First-time visitors to Iceland are well advised to read in translation, before they go there, one or two of the Old Icelandic sagas, if only to get a fuller idea of the country they are visiting than maps or photographs can provide. By 1955, when he won the Nobel Prize for Literature, Halldr Laxness would probably have agreed. In his formal acceptance of the prize, he stated: "It is a great good fortune for an author to be born into a nation so steeped in centuries of poetry and literary tradition."

He had not always been so proud of his literary inheritance, however; indeed, his relationship with the sagas was like that of many children with their parents; first one of out-and-out rebellion, and only later developing, through reconciliation, into one of fruitful partnership. "I have nothing to learn from them," he wrote in 1923 of "those old Icelandic fogeys", the authors of the sagas; it was their emphasis on externals, on "the drawing of contours" that he mainly complained of. Not until 1945 did he express the view that "an Icelandic writer cannot survive without constantly having the ancient books in his thoughts".

Laxness's first major novel, The Great Weaver from Kashmir (1927), which is largely autobiographical, reflects his short-lived but fervent devotion to Catholicism, while The Book of the People (1929), a collection of radical essays, shows his subsequent commitment to socialism. These two books, with the ideas that inspired them, form an essential preface to his later writing, and in particular to the epic novels of the Thirties for which he is best known: Salka Valka (1931-32), the story of a young girl growing up in an Icelandic fishing village in which socialist ideas are also slowly gaining ground; Independent People (1934-35), in which the main character, an Icelandic small farmer, gradually develops into a tragic hero; and World Light (1937-40), the story of a penniless folk-poet who for all his oddities and comic failings nevertheless symbolises a profound poetic integrity.

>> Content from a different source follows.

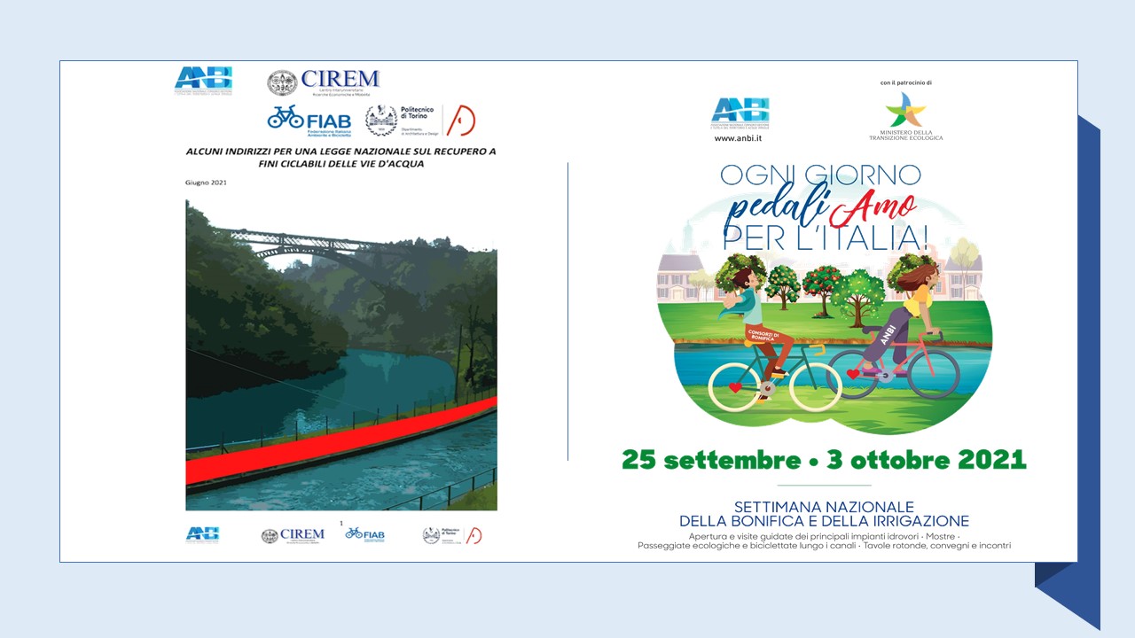 In occasione della Settimana Nazionale della Bonifica e dell’Irrigazione è stato ufficialmente presentato il documento “Indirizzi per una legge nazionale sul recupero a fini ciclabili delle vie d'acqua”, realizzato da FIAB (Federazione Italiana Ambiente Bicicletta), ANBI (Associazione Nazionale Consorzi Gestione Tutela Territorio ed Acque Irrigue), CIREM (Centro Interuniversitario Ricerche Economiche e Mobilità - Università Cagliari) e Politecnico Torino (Dipartimento Architettura e Design).

In all these works the element of religious fervour, inherited from his involvement with Catholicism, combines with Laxness's stern social criticism, giving it vitality and universal significance, and reveals itself in the vivid descriptions of Icelandic nature.

His subsequent novels include The Bell of Iceland (1943-46), about the struggle of Icelandic culture for survival in the 17th and 18th centuries; The Atom Station (1948), about the impingement of foreign influences on Icelandic culture just after the Second World War; The Happy Warriors (1952), in which a viking-age setting is used to criticise modern warfare and naive modern responses to the sagas; The Fish Can Sing (1957), a nostalgic evocation of life in Reykjavik at the turn of the century; Paradise Reclaimed (1960), about an Icelander's eventual discovery of paradise at home in Iceland after a long involvement with Mormonism abroad; and Christianity at Glacier (1968), in which Christianity is viewed in relation to other ways and kinds of life, animal as well as human. Many of Laxness's novels are informed by the spirit of Taoism, with which he was already acquainted when The Great Weaver was published.

While it as a novelist that he will mainly be remembered, his work also includes a book of poems, eight plays, four books of memoirs and numerous essays and speeches, all of which, together with the novels, form a fascinating commentary on the century his life so nearly spanned. He has been praised by one of his non-Icelandic readers for "placing Iceland in the midst of the world" in his writing, and it is true that, while his point of view is always distinctively Icelandic, it never fails to incorporate an international, universal dimension.

Two of the characters in his novels - characters into which Laxness clearly put much of himself - express the wish to inhabit the mountains and marshes of Iceland after death; and visitors to Iceland may be encouraged to add the novels of Laxness that have been translated into English, some of them by Magnus Magnusson, to their preparatory reading, for just as the spirit of the sagas lives on forever in that magnificent landscape, so will that of Halldr Laxness.